Hats off to PParka - I somehow have an A Level in maths (which went in one ear and quickly left the other) so it while I might have cracked it with the "mathematical proof" eventually, I can sleep easy with your solution.

I agree though, mighty tricky homework for a Year 7.

tomstickland

If you did A level maths then you could say
sequence of numbers is
x
x+1
x+2
x+3
and so on
so the total for n numbers is
nx + n(n-1)/2
where the second part is the sum of an Arithmetic progression.
This has to equal the total, which I'll call y
so
y = nx + n(n-1)/2

So
x = (y - n(n-1)/2) / n
which is
x = y/n - (n-1)/2
So you need to choose a value of n that divides into y by an integer amount and is also an odd number.
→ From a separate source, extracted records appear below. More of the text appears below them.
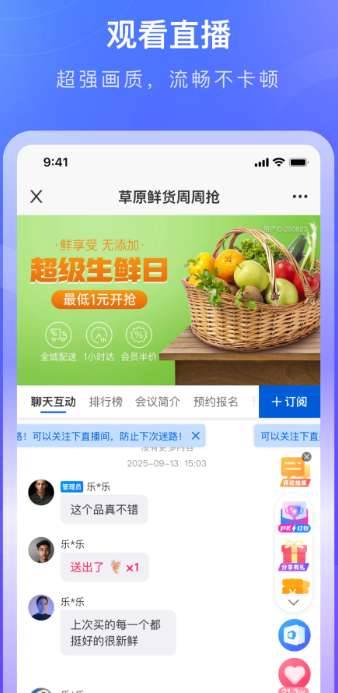 3、在直播间里,您可以自由互动,也可以预订和注册,方便快速购买。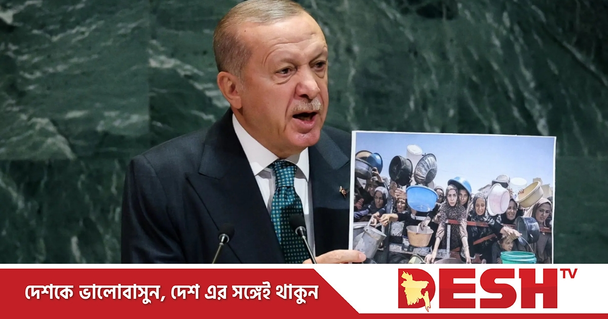 জাতিসংঘের সাধারণ অধিবেশনে ক্ষুধার্ত গাজাবাসীর ছবি প্রদর্শন করেছেন তুরস্কের প্রেসিডেন্ট রিসেপ তাইয়েপ এরদোগান। তিনি বলেন, ‘এটাই গাজার বাস্তবতা—এটিকে অন্যভাবে ব্যাখ্যা করার সুযোগ নেই।’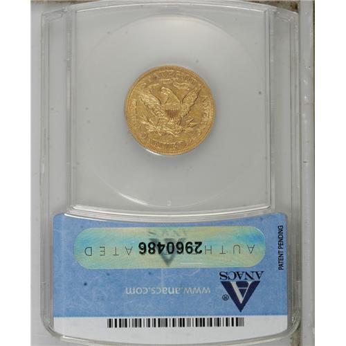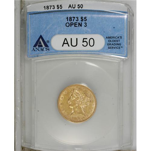 1873 $5 Open 3 AU50 ANACS. NGC Census: (26/176). P

Well, that works, but it's not definitive, since there might be an n that divides in by an integer plus a half times and is even.
Hmmm.
7 works anyway.

maninthestreet

tankgirl1 wrote: »

i'm ashamed to say i have no idea what that means

(gcse grade B top set maths :rotfl:- i really must have a brain like a sieve!)

Integer = whole number, i.e 1,2,3 etc

Positive= greater than 0

Consecutive = one number immediately follows the other, i.e 1 and 2, 2 and 3, 3 and 4, etc.

For 2 consective postive integers, the problem can specified as the two simultaneous equations:

A + B = 105

and:

B - A = 1

The solution is relatively simple for two integers, it's A=52 and B=53.

For 3 consective integers, the problem can be specified as the three simultaneous equations:

A + B + C = 105

and;

B - A = 1

and:

C - B = 1

These equations have the solution A=34, B=35, C=36.


For 4 consecutive integers, A,B,C,D, the equations are;

A + B + C + D = 105

and:

B = A + 1

and:

C = A + 2

and:

D = A + 3

These equations have no solutions for consecutive postive integers.

For 5 consecutive integers, A,B,C,D,E the equations are;

A + B + C + D + E = 105

and:

B = A + 1

and:

C = A + 2

and:

D = A + 3

and:

E = A + 4

These equations have solutions of 19,20,21,22,23.


Given that the sum of the integer sequence of 1,2,3....(n-1),n is given by the equation n(n+1)/2, we have for any n = k integers :

kA + (k-1)k/2 = 105

=> 2kA + k(k-1) = 210

=> 2kA + k**2 - K = 210

so for k=6, 12A +36 - 6 = 210

=> 12A + 30 = 210

=> 12A = 180

=> A = 15

So 15,16,17,18,19,20 is a solution.


For k=7, 12,13,14,15,16,17,18 is a solution.


For k=8, and k=9, there are no solutions that involve all consecutive postive integers.


For k=10, 6,7,8,9,10,11,12,13,14,15 is a solution.

For k = 11, there is no solution.

For k =12, there is no solution.

For k = 13, there is no solution.

For K =14, 1,2,3,4,5,6,7,8.9,10,11,12,13,14 is a solution.

For k = 15 or more there are no solutions (k**2 - k = 210)

So the answer to the original question is 7.

krazykidskate

Can anyone think of a practical application for this?
That's what I'd be asking the teacher.

tomstickland

I use mathematics at work all the time and find that things I learnt at school allow me to solve all sorts of problems.
The most satisfying is using it to solve gambling loophole offers where I can make profit from it.